# Feliks Janiewicz



## Aramis

Violin

late classical period

Charles Bronson

minor keys​
Student (presumably) of Haydn and fellow of Mozart who dedicated to him one of his works (KV 470), renowned violinist of his time.

Five violin concertos on his account of which 5th I recommend the most as it's minor key stuff with this characteristic sound of classical/minor works like Mozart's 40th (almost like early romantic). It's beautiful concerto.

You can listen to two of it's three movements on YT in good quality:










Note the last movement's original theme that sounds nothing like German classical music of Haydn and others.

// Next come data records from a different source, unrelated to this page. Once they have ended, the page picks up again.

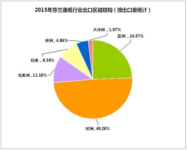 數據來源:中研普華 2、造紙行業客戶結構 芬蘭造紙行業產品主要用于出口,客戶遍布全球,自用比例較小。2014年芬蘭紙及紙板出口比例約92.7%,自用比例7.2%。2015年出口比例92.6%,自用比例7.4%。2016年出口比例92.3%,自用比例7.7%。 3、造紙行業需求的地區差異 芬蘭造紙行業產品主要用于出口,需求區域存在一定的差異。最主要的是歐洲,其次是亞洲及美洲。具體份額見下圖。 近年來芬蘭造紙行業供給情況以及市場規模分析 圖表:2015年芬蘭造紙行業出口區域結構(按出口量統計)
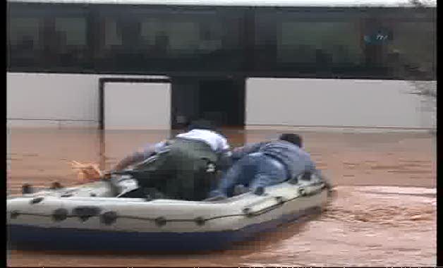 Gaziantep'te selden dolayı otobüste mahsur kalan yaklaşık 35 öğrenciyi kurtarmak için olay mahaline bot getirildi. Kurtarma ekipleri, mahsur kalan öğrencilere ulaşmaya çalışıyor.
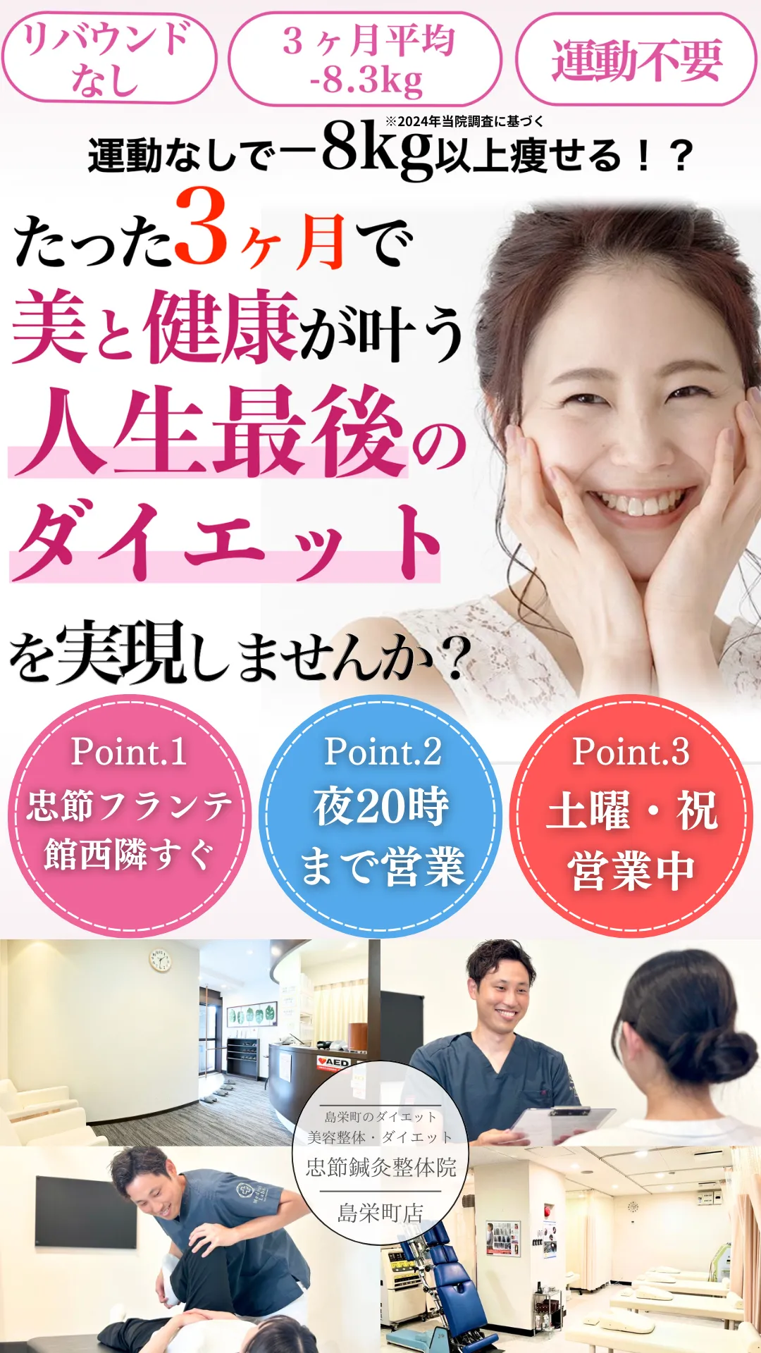 ダイエットのプロとしての証である資格を保有し、数多くのお客様から支持され、あなたの悩みに真正面から向き合う、忠節鍼灸整体院に来院し、健康と美容の先にある理想の自分を叶えて心から思いっきり楽しめる人生を手に入れる道。
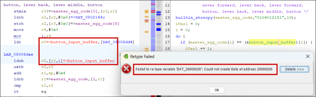 Labelling variables and correcting their datatypes (“Ctrl-l”) helps understand the decompilation, especially when returning to the project after a long weekend. You’ll reach the point where you reconstruct subroutines into compilable C snippets.
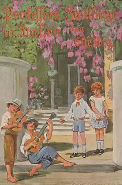 Herbert and Suse, affectionately known as “Bubi” and “Mädi”, are the heroes of the five-volume series Professor’s Twins by Else Ury. Their father, Professor Winter, an astronomer, was transferred to Naples and after a year of separation the family reunites under the southern sun in volume 3, Professor’s Twins in Italy, the most popular volume, published 1927. Bubi and Mädi quickly adapt to their new surroundings, learn the language and attend school separately for the first time.[1]
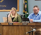 George Mayor Gerene Nelson addresses the meeting of the George City Council Tuesday. From left: …
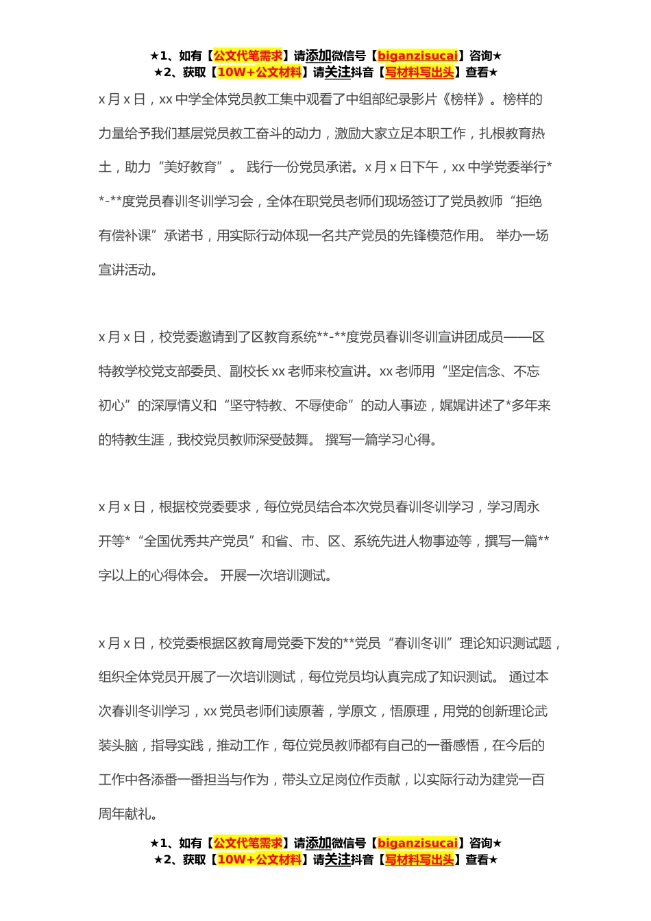 ★1、如有【公文代笔需求】请添加微信号【biganzisucai】咨询★★2、获取【10W+公文材料】请关注抖音【写材料写出头】查看★xx中学党委根据区教育局党委关于做好xx区教育系统**~**度党员春训冬训工作的通知要求,于*XX年*月下旬开始至***,组织党员开展集中培训。学习一次新思想。x月x日下午,校党委举行**-**度党员春训冬训学习会,全体党员教师们进行了新思想云课堂学习,在线收了派驻纪监组xx老师的主题讲座《立德树人,从守纪律讲规矩开始》。上好一节专题党课。x月x日下午,校党委召开全体党员大会进行专题党课学习。由xx文科第二党支部书记、政治教研组长xx老师主讲。朱老师从明理、增信、崇德、力行四方面向我们讲述了百年党史。开展一次廉政教育。x月x日下午,校党委组织党员教师前往xx省法纪教育基地,...
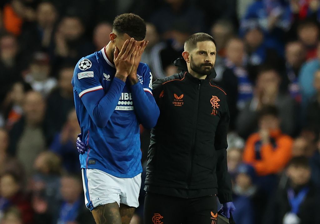 Goldson of theRangers is seen as he leaves the pitch injured during the UEFA Champions League match between theRangers FC and Liverpool FC at Ibrox on October 12, 2022 . (Photo by Ian MacNicol/Getty Images)
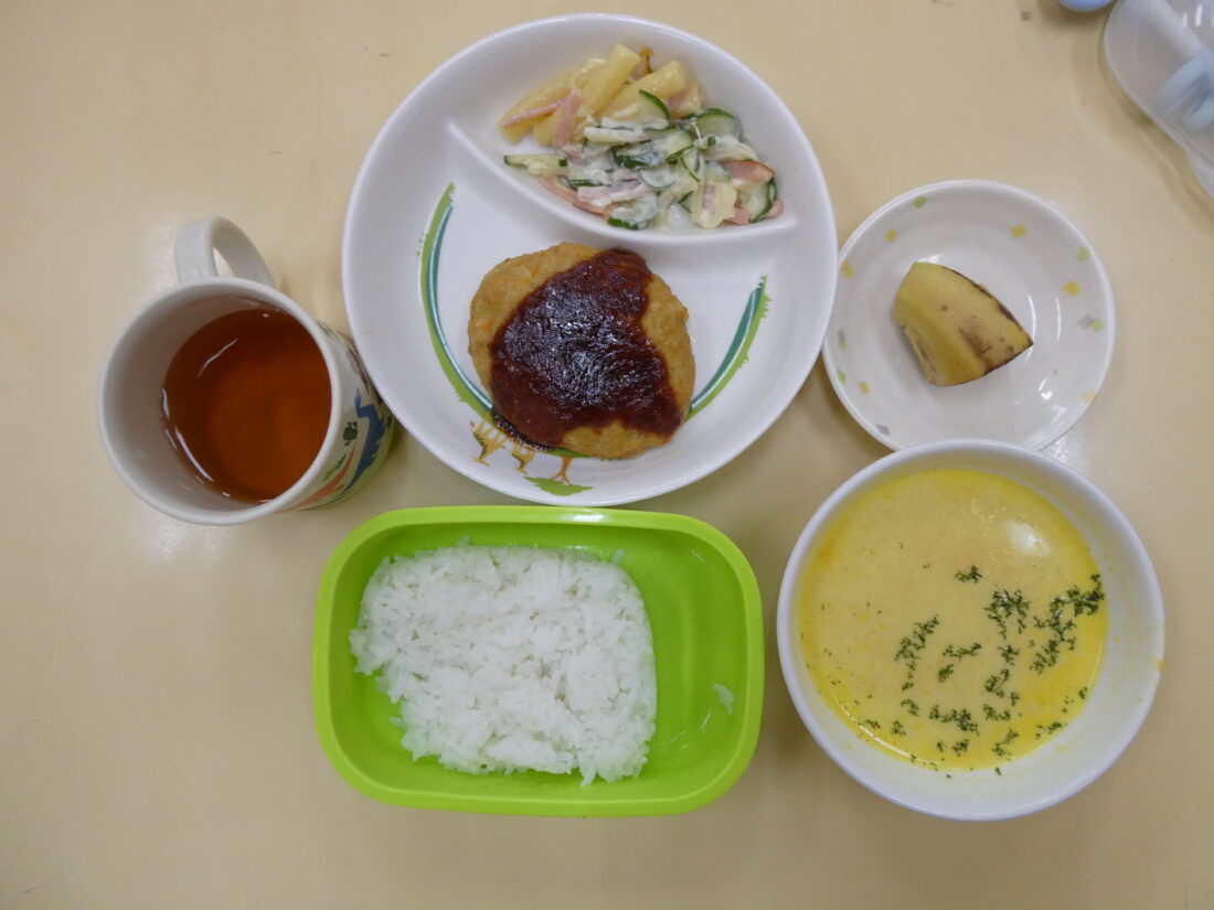 今日の献立は、ハンバーグ、マカロニサラダ、かぼちゃスープ、バナナでした。
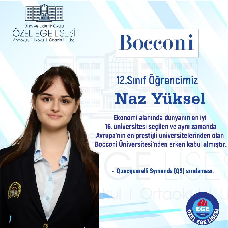 12. Sınıf öğrencimiz Naz Yüksel, Quacquarelli Symonds (QS) tarafından tarafından dünyanın en iyi 16. üniversitesi seçilen ve aynı zamanda Avrupa’nın en prestijli üniversitelerinden olan Bocconi Üniversitesi’nden kabul aldı.

You can enter the channel from which these videos were uploaded and listen to entire 3rd concerto.


----------



## HarpsichordConcerto

(1) Great find. Thank you. I have never heard of this composer nor his music.

(2) Slow movement came across to me as pure Haydn-esque. Lovely.

(3) Third movement's opening sounded gypsy/folk tune theme but then varied into classical, though still giving a unique feel to it as you suggested. Many composers like to quote "local" themes into their works once a while.

(4) I think this particular performance is HIP. Pure tone clarity for one is all there, as is the sound of a HIP orchestra, though I have never heard of this band.

(5) Can someone translate _Zespół Instrumentow Dawnych WOK_?


----------



## Aramis

Glad to hear you like him.



> (5) Can someone translate Zespół Instrumentow Dawnych WOK?


WOK's Ensamble of Old (historical) Instruments - WOK stands for Warszawska Opera Kameralna (Warsaw Chamber Opera). So yes, it's definitely HIP.


----------